If you continue to read what I have written, it is very possible to glean exactly what Baz’s effect upon my life. Through His truth, trust, honesty, kindness, honor, and integrity, we have developed my truth, my trust, my honesty, and my self-love. There is a feeling of safety with him, never felt before. A friendship with not only myself but with him. This time in my life is filled with great gratitude for all we/I have worked on and changed in order to let me see all the possibilities at the moment and in the future. Baz, is my “Aha Moment.”
I see nothing but possibilities!
Each day presents new presents, new adventures, and teachings. My positive outlook and gratitude for absolutely everything help me with forgiveness of myself and others on a daily basis. It affects everything I do. Living with purpose and meaning. I no longer look backward and forwards. Affecting others in very small ways in order to make their days better. Self-love puts a new meaning on life, on sharing and giving to others. My fears have dissolved into strengths. Everything is in constant evolution.
When I am able to self-scrutinize without condemnation, it is a mile marker. When I can be 100% truthful to myself helps me be realistic about what I want to achieve. After putting in the hard work necessary to change, things began to happen. This wasn’t easy by any means! It was gut-wrenching at times. I cried tears that had been locked up for years and years, but it was all part of the process that helped me get to where I am today. Freer, lighter, and in love with life, not battling it. Not dreading which shoe was going to drop next. I can’t wait for the challenge to find the desired result.

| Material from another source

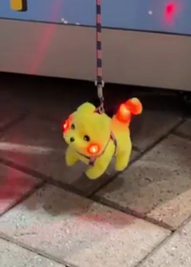 A brightly lit, yellow stuffed toy dog is being suspended over a brick surface by a colorful cord. The toy dog has a dark collar and is illuminated by red lights in its eyes and tail. The brick surface has a pattern of gray and tan rectangles. The background is partially visible, showing a side of a machine with the word "SHOP" in bright yellow, and some stars above. The scene appears to be outdoors at night.

Things are in my hands now to a certain point where they never were before.
Baz taught me that there are no NO’s in the world, just that I have to figure out different approaches to get the results. Everything changes in the world; if I want to understand that change, I, too, have to change. Everything evolves. Nothing lasts forever. That’s what evolution is. Live, learn, change, evolve, rinse, and repeat. If you were to have known me five, seven, or even ten years ago…this would never have come out of my mouth.
Baz is the only person who has helped me clear a pathway through the debris so I can continue moving forward in my development process. I knew something or someone out there was greater than what my life used to be. Baz showed me that way. I know that this is an ongoing process and that nothing stays the same. I akin my life to a rose and its unfurling slowly, one petal at a time. Its essence is beautiful-penetrating, its beauty ever-changing and evolving with surprises in store each time it unfolds a pedal. It is my choice as to whether I want to look closely at those unfurlings or not. Baz will be a part of my life and its continued process until I choose to walk my path alone, much stronger, more independent, and more willing. I could do that now but choose not to, for I believe that he has more to show and teach me. To realize.
Baz is the only one that has seen my past and helped me with the present, only to show and guide me to my future. My nightmares have gone completely, and my strength is tenfold. This man has the ability to help humanity in so many ways that we do not know how he does it. Baz’s energy is boundless. You are safe with him. He has the past, present, and future at hand. Trust him. It is worth every moment spent with him.
Thank you, Baz, for absolutely everything!!